*Information supplied*.

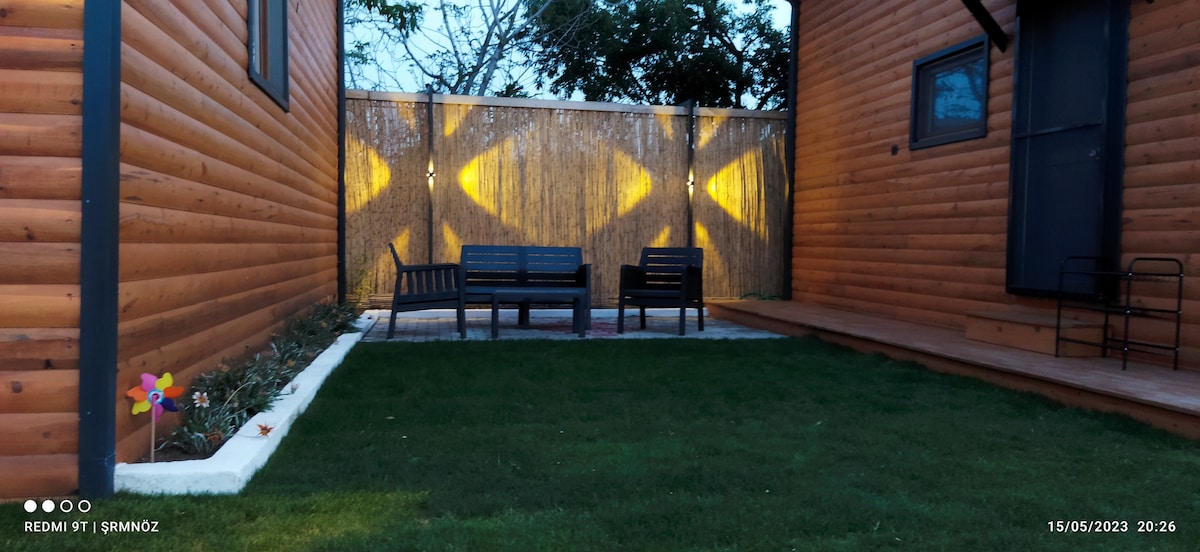 Forget your worries in this spacious and serene place. Forget all the familiar three-generation houses. When you come to our bungalow facility equipped with Russian pines that we specially brought from Russia, we welcome you with a fragrant tree smell and wish you a peaceful holiday with all its spaciousness, and the walking distance to the sea is 1 minute :)
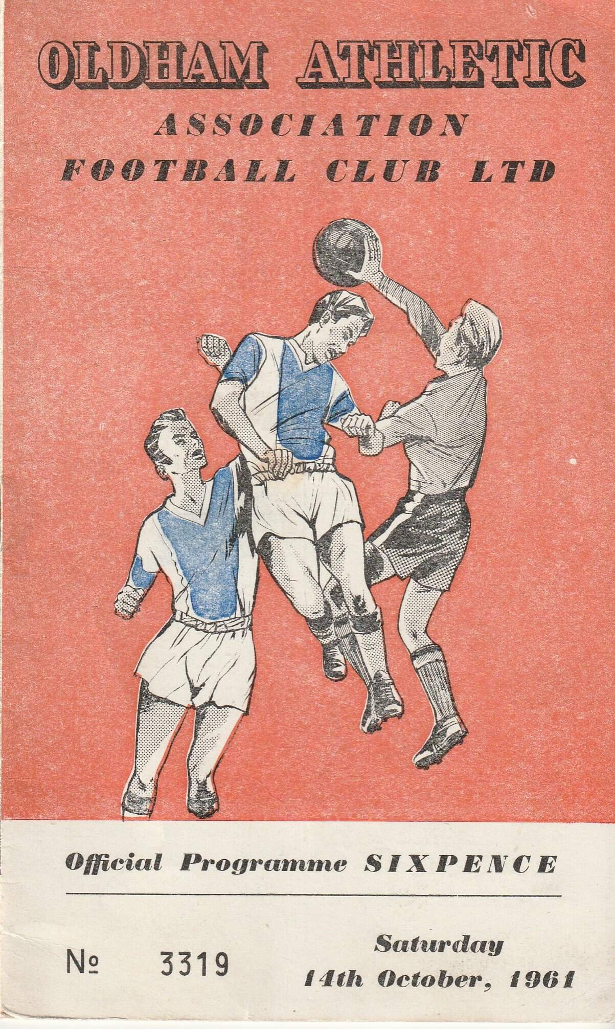Match: Oldham Athletic v Rochdale Competition: League Division 4 Date: 14-Oct-1961 Comments: Rating: 4 Condition: Very good Weight in grams: 60
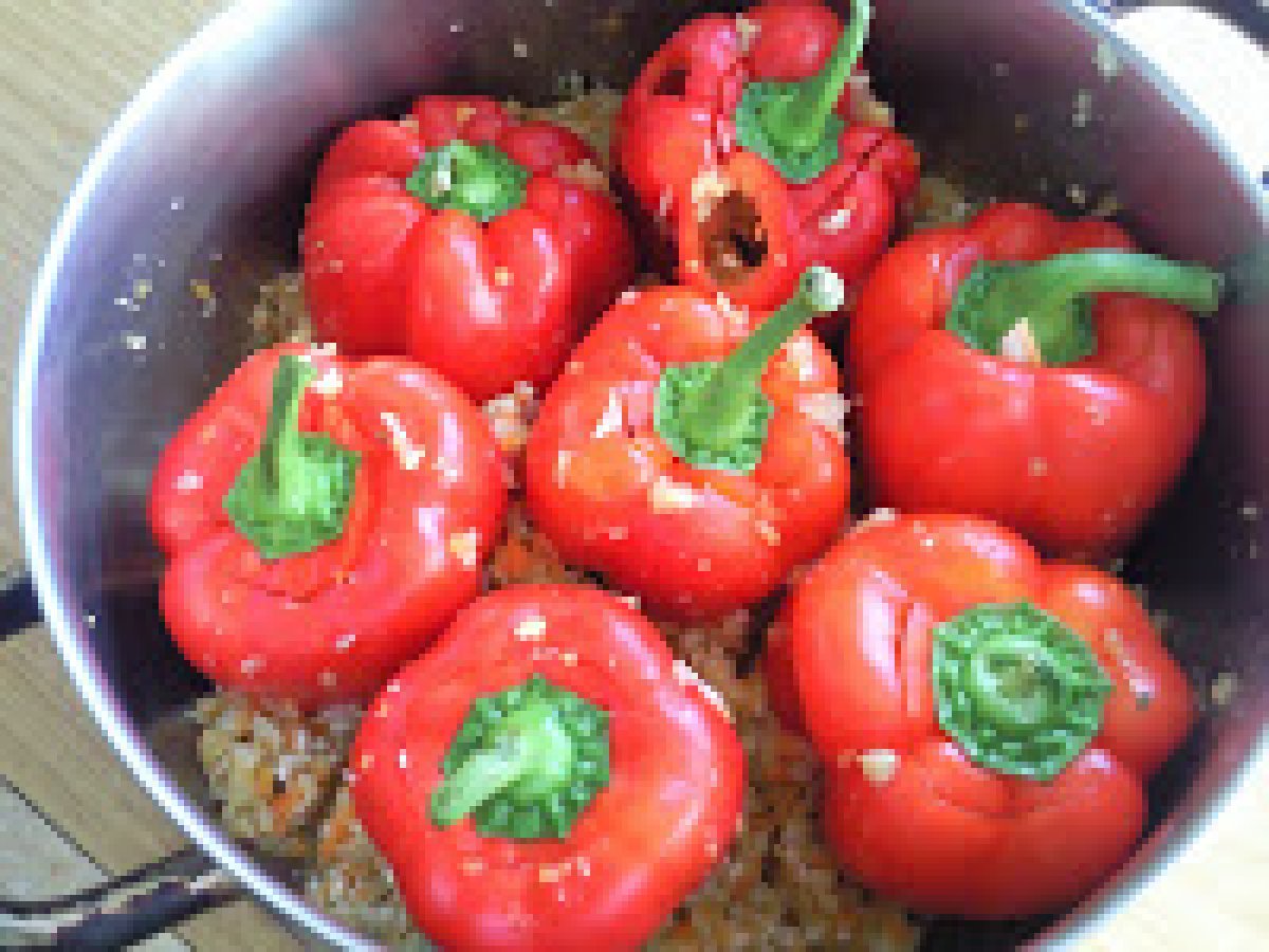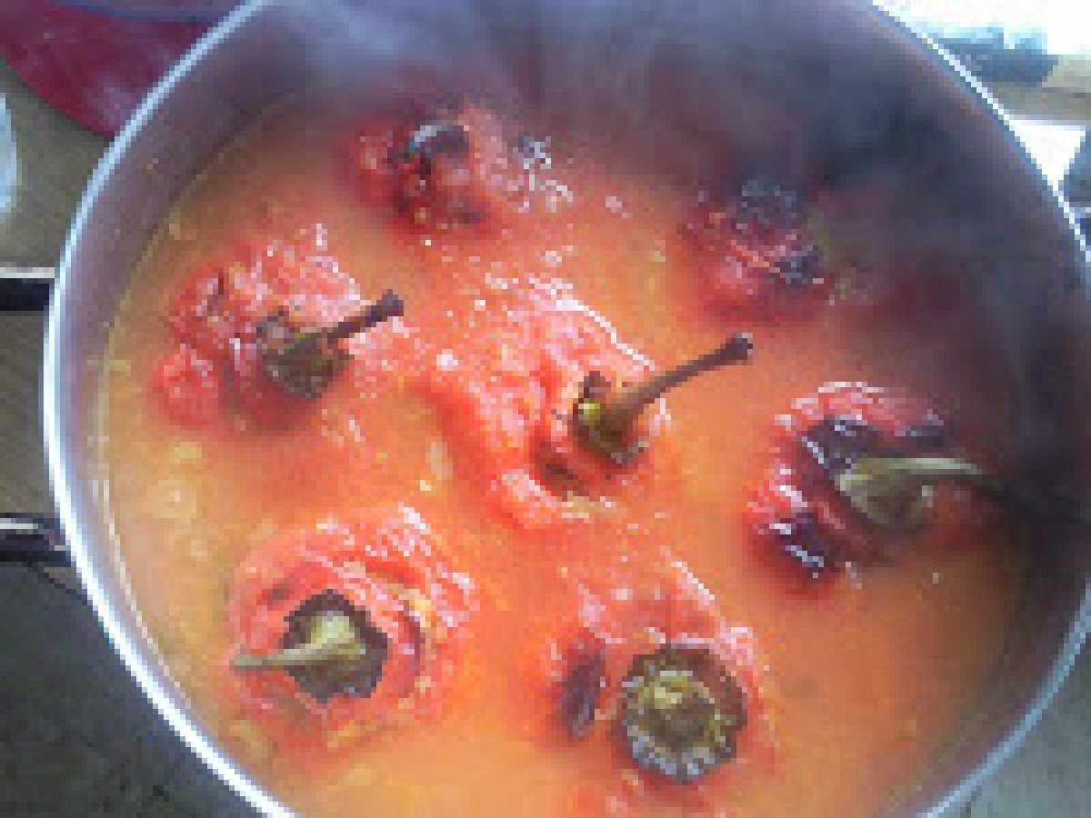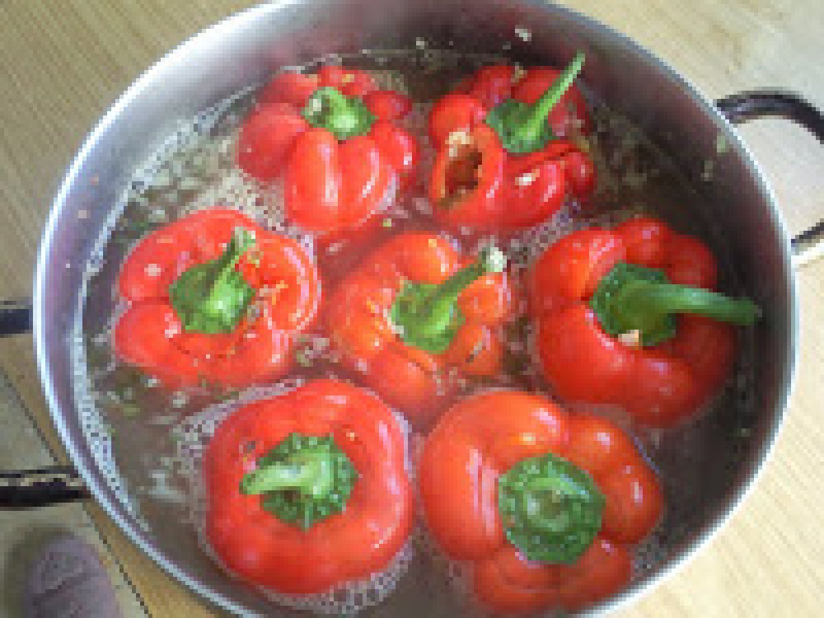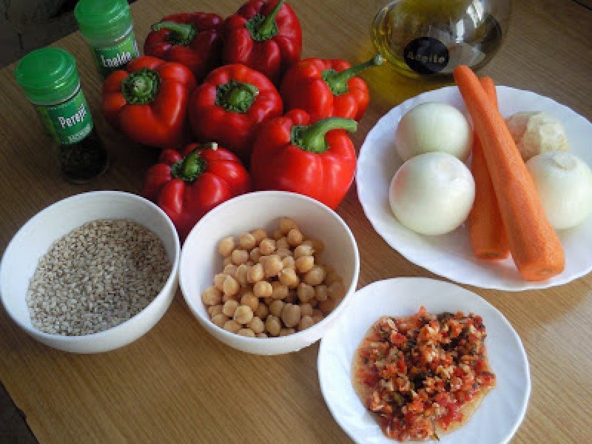 Ardei umplut cu orez si naut /pimiento relleno con arroz y garbanzo PrecedentulUrmătorul Felul principalFoarte ușor1 oră Trimite unui prieten Printează pagina Adresează o întrebare autorului Postează o poză cu rețeta gătită de tine Ingrediente 4 150 g orez integral 200 g naut fiert 7 ardei 3 cepe 2 morcovi 1 telina mica 6 linguri ulei de masline 400 g suc de rosii 3 linguri vegeta de casa( facuta de mama) patrunjel,marar si oregano sare dupa gust

*Exercise requirements*. Could you copy the lines above exactly and skip the images?

*Exercise output*.
 Forget your worries in this spacious and serene place. Forget all the familiar three-generation houses. When you come to our bungalow facility equipped with Russian pines that we specially brought from Russia, we welcome you with a fragrant tree smell and wish you a peaceful holiday with all its spaciousness, and the walking distance to the sea is 1 minute :)
Match: Oldham Athletic v Rochdale Competition: League Division 4 Date: 14-Oct-1961 Comments: Rating: 4 Condition: Very good Weight in grams: 60
 Ardei umplut cu orez si naut /pimiento relleno con arroz y garbanzo PrecedentulUrmătorul Felul principalFoarte ușor1 oră Trimite unui prieten Printează pagina Adresează o întrebare autorului Postează o poză cu rețeta gătită de tine Ingrediente 4 150 g orez integral 200 g naut fiert 7 ardei 3 cepe 2 morcovi 1 telina mica 6 linguri ulei de masline 400 g suc de rosii 3 linguri vegeta de casa( facuta de mama) patrunjel,marar si oregano sare dupa gust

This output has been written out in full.